We cannot define intelligence, much less quantify it. This knowledge problem [ott2020hayek] leads researchers to discretize the attributes of human intelligence - speech, vision, audition, planning, search. For each behavior humans can do a corresponding model is proposed [ott2019questions]. These solutions come in the form of handcrafted templates [papert1966summer], heuristics [evans1964heuristic], knowledge bases [lenat1995cyc], and the latest addition cost functions [krizhevsky2012imagenet, ott2018learning, ott2018deep]. All in the quest for human-level intelligence.
Deep learning has been successful because of its ability to approximate arbitrary functions [cybenko1989approximation]. This paradigm of approximation has been extended to vision, speech, audition, and a host of other domains. In these settings, inputs are paired with target labels and the network seeks to minimize a cost function by making its predictions closer to the targets. Vision, for example, has been approximated by leveraging large labeled datasets of images. Where the information about an object’s size, location, and type is available as the target label. This training data is used to minimize the corresponding cost function.
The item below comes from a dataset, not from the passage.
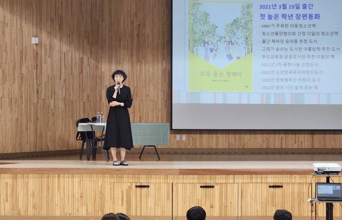 ¶ÇÇÑ ÀÛ°¡´Â ÀÚ½ÅÀÇ Ãß¾ï ¾Ù¹üÀ» °ø°³Çϸç âÀÛ °úÁ¤À» µé·ÁÁÖ¾ú°í, ÁúÀÇÀÀ´ä°ú »çÀÎȸ·Î Çлýµé°ú µû¶æÇÏ°Ô ¼ÒÅëÇß´Ù. ÇлýµéÀº Áú¹®°ú ´ëȸ¦ ÅëÇØ ¹®ÇÐÀ» »õ·Î¿î ½Ã°¢À¸·Î Á¢ÇØ º¸´Â °æÇèÀ» ÇÒ ¼ö ÀÖ¾ú´Ù.

The performance of these networks on tasks like ImageNet is convincing, as they havelearned to identify thousands of object categories with superhuman performance. However, many shortcomings are evident, from a lack of common sense [marcus2018deep], to adversarial attacks [su2019one], and a failure to transfer knowledge [recht2019imagenet]. These ailments prove behavior-level approximation yields the appearance of intelligence without understanding.
Building deeper models with more massive datasets [shoeybi2019megatron, raffel2019exploring] is likely not the way to human-level intelligence. Nor will it come from more well-designed cost functions, regularization techniques, or efficient optimizers. The historical path of Artificial Intelligence - including deep learning - stands diametrically opposed to the paradigm from biology. To make progress, we must take note of the computational principles leveraged by the mammalian cortex.
Top-down approaches like approximating behaviors - minimizing cost functions - fall critically short of how behaviors arise out of intra-cortical dynamics. The problem with behavior-level approximation is that it completely abstracts the underlying dynamics. By abstracting the behavior with a cost function, critical information is likely to be lost. Intelligence does not arise from behavior-level cost functions, symbolic representations, or any other abstraction. Intelligence emerges, bottom-up, from interactions between neurons, where each neuron is governed by local rules and acts according to its interests.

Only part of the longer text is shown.